Mi hijo es otra cosa, soy su referente, como lo son sus abuelas, sus primas, sus pololas. De todas ellas habrá sacado alguna conclusión e intenté que nos definiera sin tapujos. Se rascó su cabeza ante menudo dilema. Quizás pensó en decir que somos bacanes, buena onda, mujeres piola y otras un poco brígidas. Nada de eso.
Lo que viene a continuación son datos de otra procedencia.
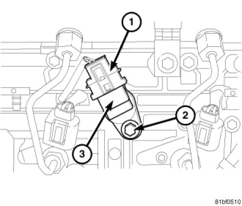 1. Install camshaft position sensor (3) and tighten camshaft position sensor bolt (2) to 8 Nm (71 in.lbs.).

Me abrazó también rodeándome con sus manazas imberbes, me besó y en ese beso sentí todo su agradecimiento por mis desvelos, por ser mujer y madre y representarlas a todas en ese instante, mujeres valerosas que no se arredran ante nada.
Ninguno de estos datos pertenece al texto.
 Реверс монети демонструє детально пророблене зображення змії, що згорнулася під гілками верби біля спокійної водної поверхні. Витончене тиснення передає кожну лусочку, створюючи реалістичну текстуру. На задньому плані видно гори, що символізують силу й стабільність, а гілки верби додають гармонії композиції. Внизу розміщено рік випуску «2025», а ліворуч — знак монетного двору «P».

-Te quiero mamá- susurró con su voz juvenil y sentí en ese instante que uno de mis más preciados objetivos estaba allí presente, dándole sentido a mi existencia e impulsándome a ser la mujer de hoy, la que sale por las mañanas para cooperar con su esposo en la lucha por el pan, la hacendosa y comprensiva con su progenie, que se desenvuelve en todas sus múltiples facetas sin perder en ningún instante la resplandeciente feminidad que la identifica.
“Mujer, enorme ser que circunda nuestras vidas para entibiárnoslas con sus cálidas manos y con los frutos prodigiosos de su amor insobornable. Cuanta ternura invoca, ya sea que se vista como varón para esgrimir las herramientas que harán justicia a sus ansias de reivindicación, bella mujer sudorosa que trajina aún en las mazmorras rescatando miga a miga el pan fecundo que será poderosa savia para esos hijos que se ramifican en su estirpe; hembra sólida que inunda de placeres la piel abrupta de su amante para quebrarse más tarde en silencios acunados por esas pupilas espejadas como pena que se disuelve en mares infructuosos. Mujer ardorosa capaz de enseñorearse en mil batallas para conservar sus dotes, hidalga fémina que desenvaina pudores y se entrega a la dicha sin por ello dejar de lado las saetas de sus proclamas que buscan los lomos opulentos de la sacrosanta injusticia. Mujer, mujer invadida por los prejuicios de una casta ciega que moldea arcanas maldiciones en sus estériles fuentes, desata de una vez aquello que te denigra y transfórmate en paloma enhiesta, libre y venerada por esos mismos hijos que procreaste que insultan todo lo bello y adoran lo inalcanzable”.